El cansancio se reflejaba en el hermoso rostro femenino. Gonzalo se acercó hasta donde ella estaba y le sonrió.
-Vaya día, ¿no?
-Sí. La marquesa es muy puntillosa y hasta que no se quedó contenta con los arreglos que le hice al vestido, no dejó que me marchara.
-Lo siento.
-Me pagan por coser, Gonzalo.
-Lo sé, pero me molesta que ella se aproveche de ti.
Margarita le miró azorada. Gonzalo asió su mano derecha y acarició sus callosos dedos con ternura. Se miraron a los ojos hechizados por el momento. Un tronco crujió y la magia se esfumó por las rendijas de las ventanas. Gonzalo carraspeó y ella soltó lentamente su mano.
-Sátur preparó un caldo esta mañana, te lo voy a servir.
-No te preocupes, Gonzalo. Comí algo en palacio. Estoy tan cansada que lo único que quiero es dormir.
-Claro…
-Gracias por esperarme.
Gonzalo asintió.
-Hasta mañana.
-Hasta mañana, descansa.
Margarita se giró y le sonrió. La costurera comenzó a subir los peldaños de la escalera que conducía a su habitación, pero la voz del maestro la detuvo.

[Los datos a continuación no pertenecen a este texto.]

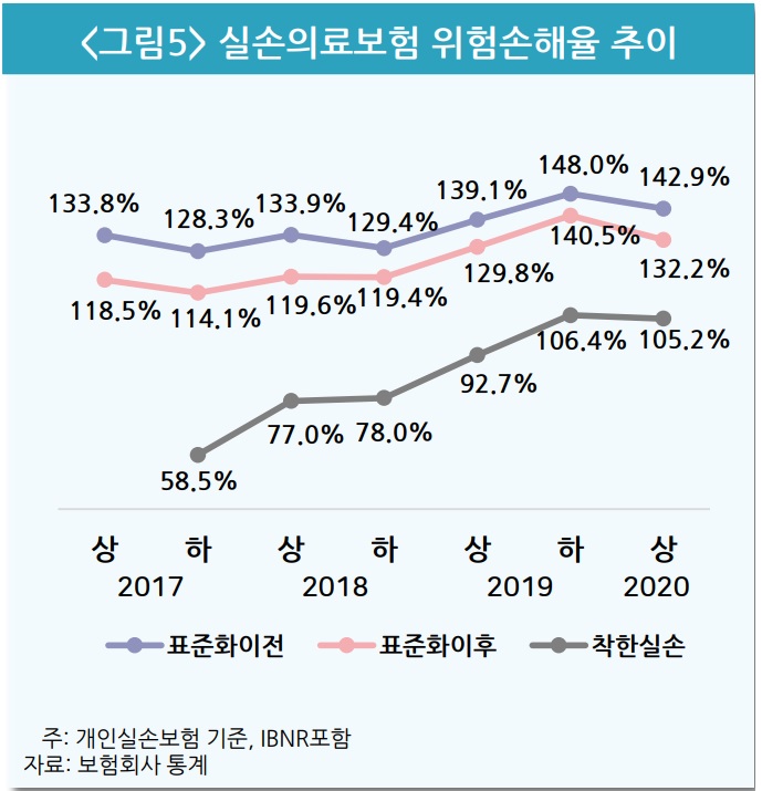 실손의료보험 위험손해율 현황(자료:보험연구원)

-Me gustaría hablar contigo sobre un asunto que es muy importante para los dos. Pero ahora duerme, mañana será otro día.
Margarita le respondió:
-Si quieres…
-No. Estás agotada. Ya hablaremos.
-Está bien. Buenas noches, Gonzalo.
-Buenas noches, Margarita.
Se quedó mirando la escalera aun cuando ella ya no estaba. Gonzalo suspiró y sacó del bolsillo de su chaqueta el medallón de la flor de lis. Lo acarició y se dijo que su vida tendría otro sentido a partir de mañana. Subió a la guarida y allí comenzó a escribir una carta.

-Date prisa, Alonsillo –habló Saturno García.
-Ya voy, Sátur…
El niño salió de su cuarto.
-Vamos, siéntate y cómete las gachas. Después te acompañaré a misa.
-¿Mi padre?
-Salió muy temprano de la casa.
-¿Y no te dijo a dónde iba?
Sátur se encogió de hombros.
-Pues no, no me dijo nada. Pero, ¡come, chiquillo!

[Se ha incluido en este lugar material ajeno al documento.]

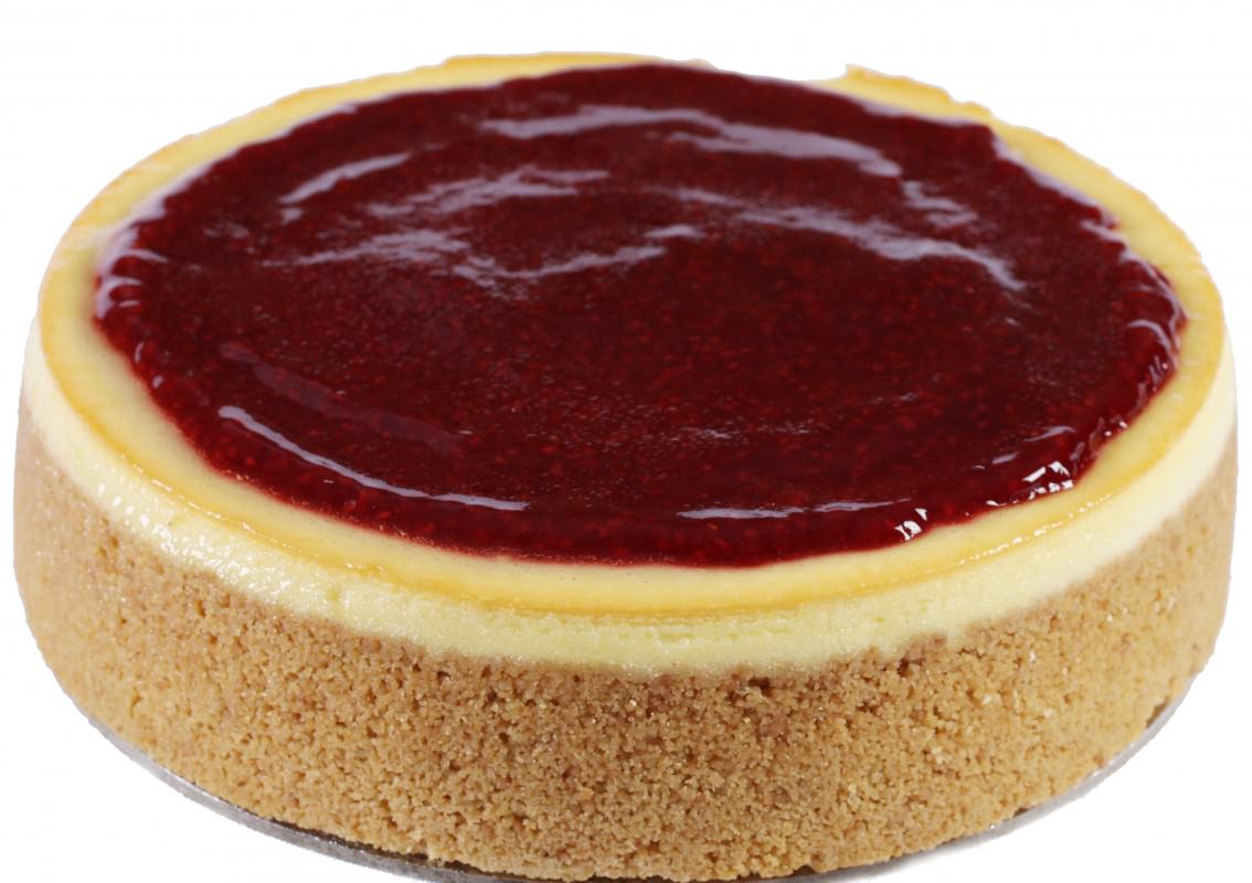 Fresh pureed raspberries atop a smooth baked cheesecake with a traditional biscuit crumb base.

-¡Buenos días! –exclamó risueña Margarita Hernando.
-Buenos días, señora.
-¡Hola, tía!
-Enseguida le sirvo las gachas, Margarita.
-Gracias, Sátur. ¿Y Gonzalo…?
-Padre, ya se fue.
-¿Y eso?
-Pues eso le decía a Alonsillo. Me dejó una carta para usted y se marchó.
-¿Una carta para mí? –le preguntó, arqueando las cejas.
Sátur se limpió las manos en el mandil que siempre usaba cuando hacía las tareas del hogar, y después buscó en una de las estanterías la misiva que su amo le había entregado.
-¿Dónde la pusiste, Saturno? ¡Aquí está! –Rió.